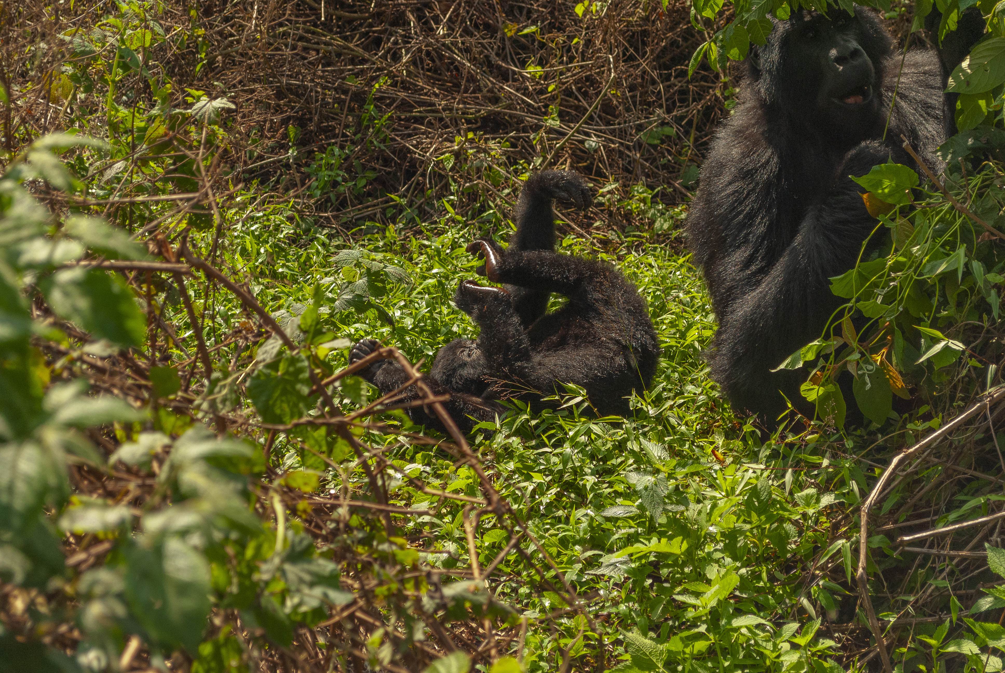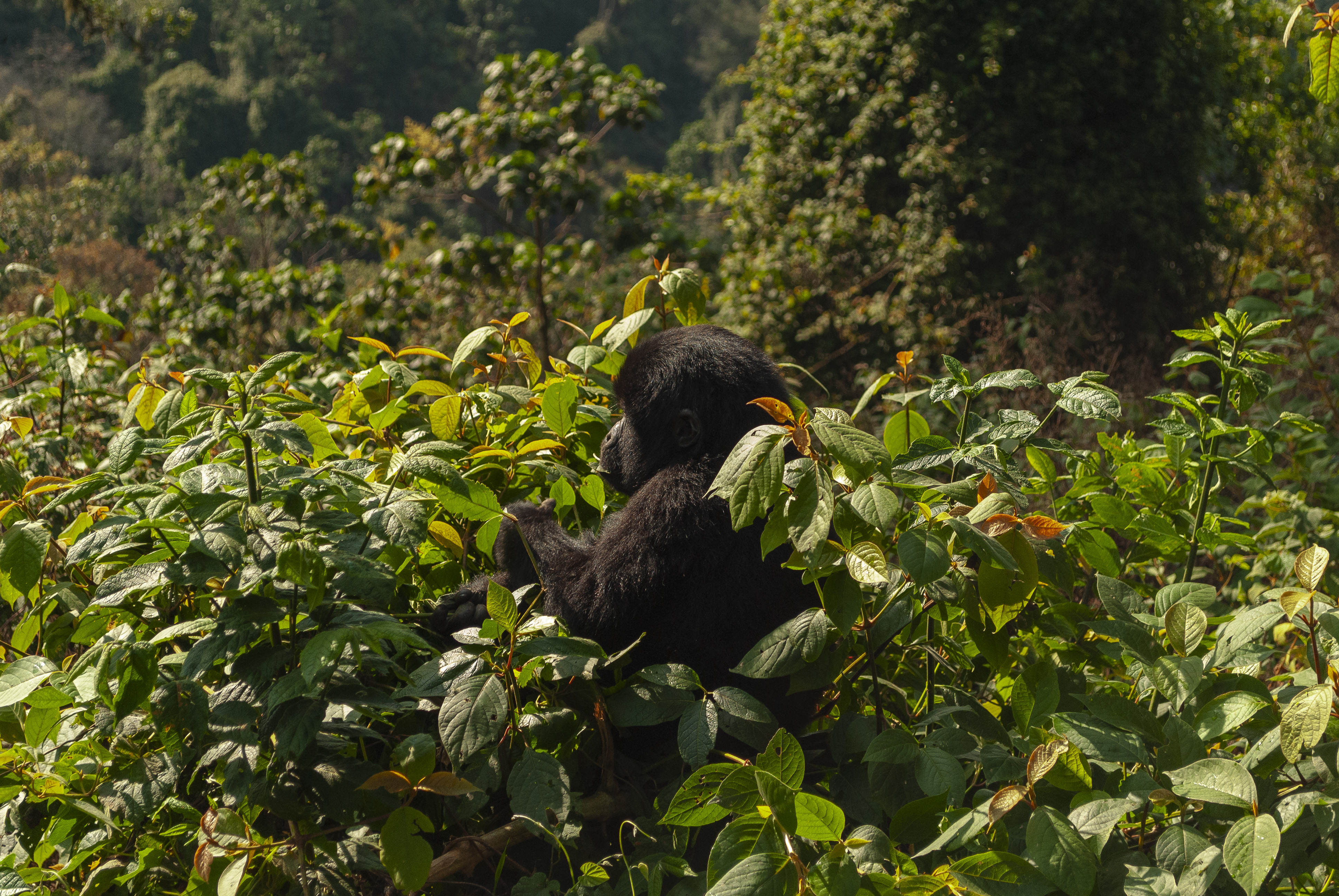 A experiência de observar os gorilas de perto é sensacional. Principalmente os filhotes, que ficam brincando e brigando entre si como humaninhos. É difícil não querer abraçá-los ou levá-los na mochila.
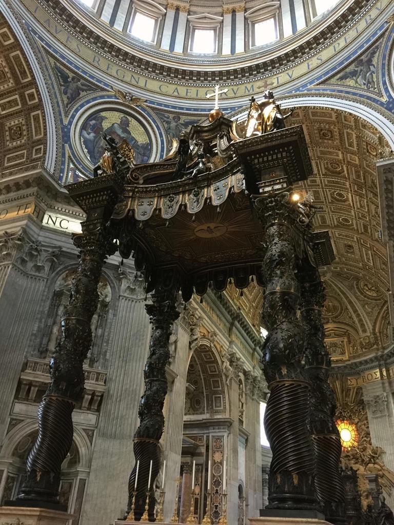 在宝座的前方,是贝尔尼尼另外一件绝世作品——青铜华盖。从中门步入大教堂,这个黑魆魆的高大“轿子”恐怕是最吸引人眼球的了,没有人会错过。四个螺旋铜柱如游龙般向上攀升,估计高度在10米左右,雕刻的粗狂又不失精细,铜柱可见镶嵌的枝叶,四角的柱头顶端是四个天使。我无法想象,贝尔尼尼是怎样完成这样恢弘的作品。他应该会有很多助手吧,我想。
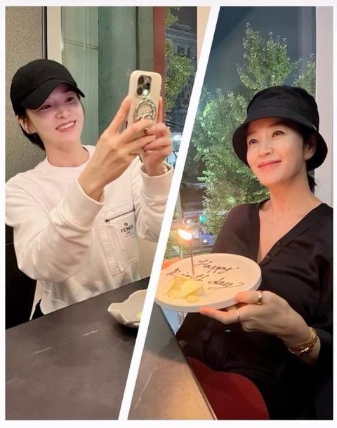 김혜수는 최근 자신의 SNS 스토리를 통해 송혜교와의 만남 사진을 공유했다. 공개된 사진 속 두 사람은 말간 얼굴로 동안 미모를 뽐내며 한 식당에서 즐거운 시간을 보내는 모습. 김혜수는 ‘Happy Birthday’가 적힌 케이크 접시를 들고 환하게 미소 짓고 있으며, 송혜교는 휴대폰으로 인증샷을 남기며 여전한 동안 미모를 뽐냈다.
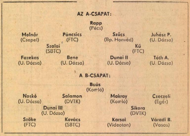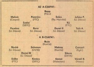 Magyarország: Géczi (FTC) — Fábián (Vasas), Kovács (Videoton), Vidáts (Vasas), Juhász P. (Ú. Dózsa) — Juhász I. (FTC), Szűcs (Honvéd) — Fazekas (Ú. Dózsa), Bene (Ú. Dózsa), Dunai II. (Ú. Dózsa), Zámbó (Ú. Dózsa)
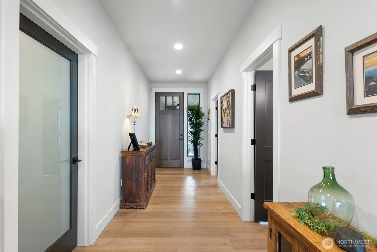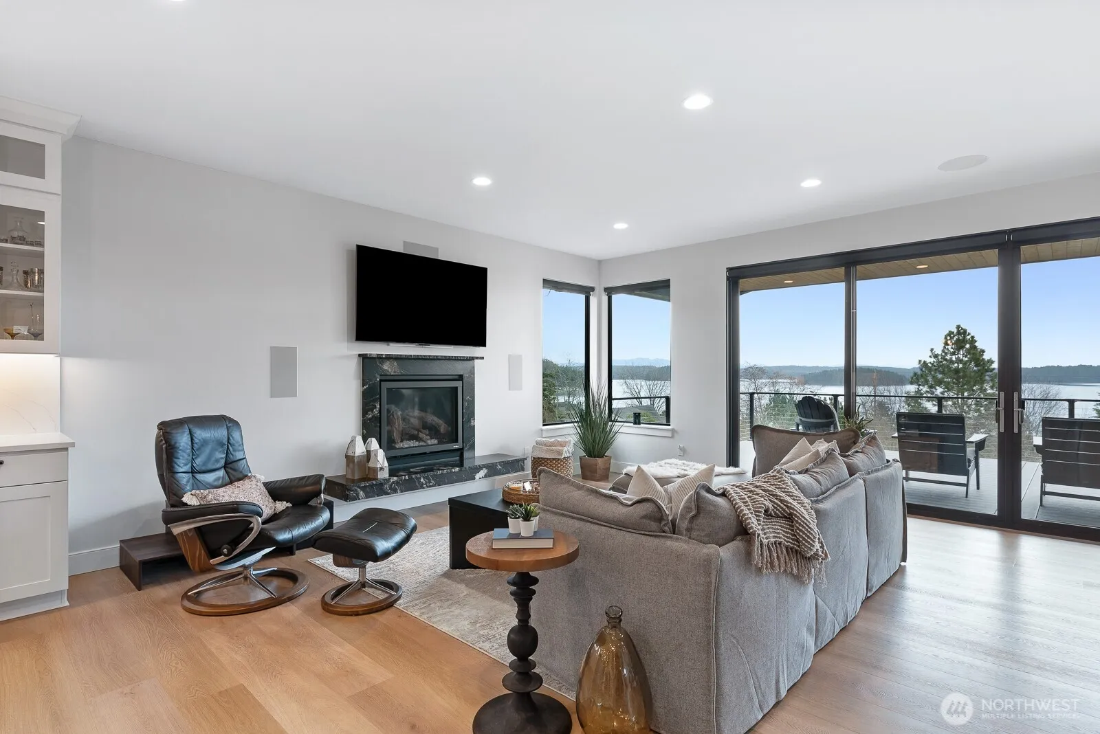 Nestled near Deception Pass this stunning custom home blends contemporary design with Pacific Northwest beauty. Welcomed with gas lantern-lit entry into the open-concept main level featuring immediate water & mountain views from walls of windows out to expansive covered deck, dream kitchen with quartz counters & beautiful cabinetry-flowing seamlessly into living & dining with fireplace. Luxe primary suite with spa-like en-suite & spacious walk-in closet. 2nd bedroom, full bath & laundry/mudrm with dog bath complete the main floor. Upstairs, an office/rec space boasts expansive views. Lower level gives family room with fp & kitchenette, 3rd bdrm, bonus rm & flex rm, addtl laundry plus lower deck, patio & fully fenced yard. Exceptional home!
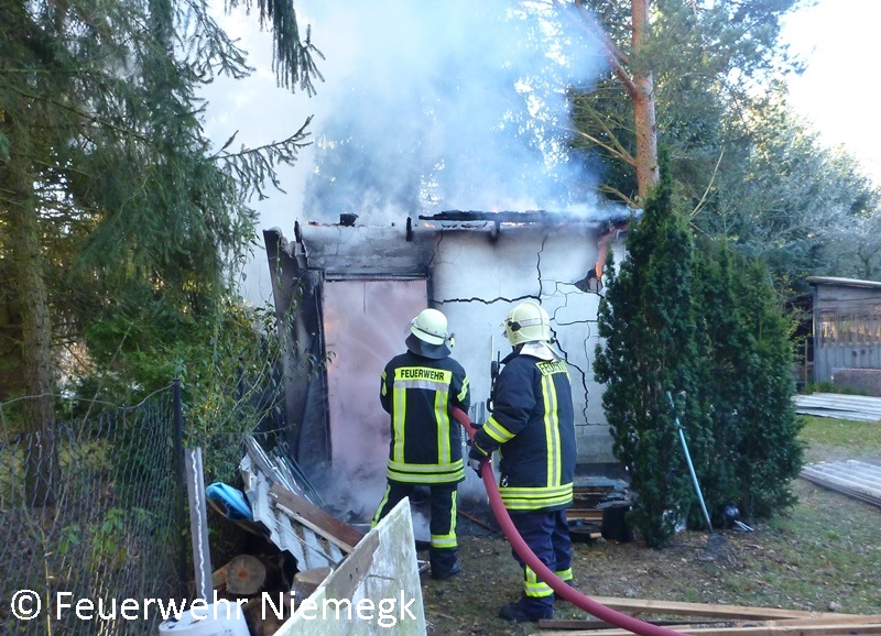 Aus bisher ungeklärter Ursache brannte in einer Wochenendhaussiedlung ein Schuppen (ca. 3 x 4 m) in voller Ausdehnung. Die Rauchsäule war bereits auf der Anfahrt weit sichtbar.
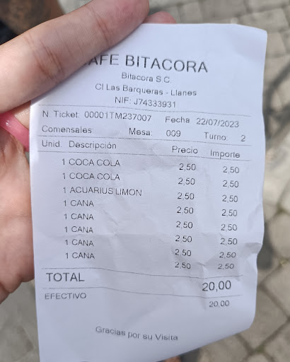 Vivo la mitad del año en Llanes desde hace más de 30 años. La cafetería Bitácora ha sido una referencia de buen trato, ambiente agradable y uno de los mejores sitios de Llanes para tomar una merienda o un desayuno o una cena ligera. Parece mentira que los propietarios arriesguen ese buen nombre y no se den cuenta de a quien ponen al cargo y expongan a sus clientes a recibir este trato....
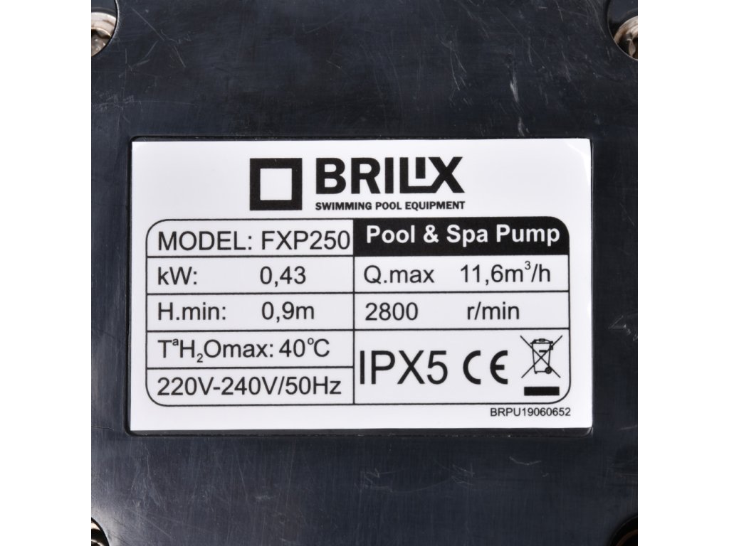 Bazénové čerpadlo FXP vhodné pro filtrační okruhy nadzemních i zabudovaných bazénů do objemu 25 m³. Bazénové čerpadlo FXP je ideální pro filtrační okruhy nadzemních i zabudovaných bazénů. Pumpa je spojena v monoblok s motorem a vlasovým předfiltrem polypropylenovým tělem, které má pro napojení sání a výtlaku šroubení k připojení lepením Ø50 mm. Vlasový předfiltr má průhledné víko a vyjímatelný koš. Motor je vybaven tepelnou pojistkou, která je instalována uvnitř vinutí. Čerpadlo není samonasávací.
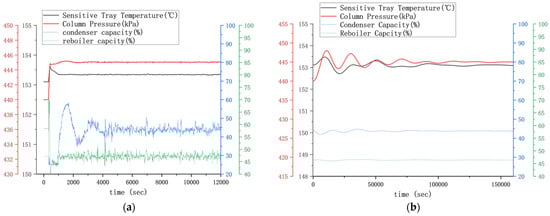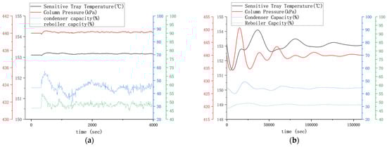 Dynamic response curves of disturbance testing of distillation process: (a) MPC response curve; (b) PID response curve.
—————
Exercise details> Only one stretch of the entries above is needed: the lines from the one containing "Nestled near Deception" through the one containing "Aus bisher ungeklärter". Copy it exactly, without the pictures.

Exercise response>
 Nestled near Deception Pass this stunning custom home blends contemporary design with Pacific Northwest beauty. Welcomed with gas lantern-lit entry into the open-concept main level featuring immediate water & mountain views from walls of windows out to expansive covered deck, dream kitchen with quartz counters & beautiful cabinetry-flowing seamlessly into living & dining with fireplace. Luxe primary suite with spa-like en-suite & spacious walk-in closet. 2nd bedroom, full bath & laundry/mudrm with dog bath complete the main floor. Upstairs, an office/rec space boasts expansive views. Lower level gives family room with fp & kitchenette, 3rd bdrm, bonus rm & flex rm, addtl laundry plus lower deck, patio & fully fenced yard. Exceptional home!
 Aus bisher ungeklärter Ursache brannte in einer Wochenendhaussiedlung ein Schuppen (ca. 3 x 4 m) in voller Ausdehnung. Die Rauchsäule war bereits auf der Anfahrt weit sichtbar.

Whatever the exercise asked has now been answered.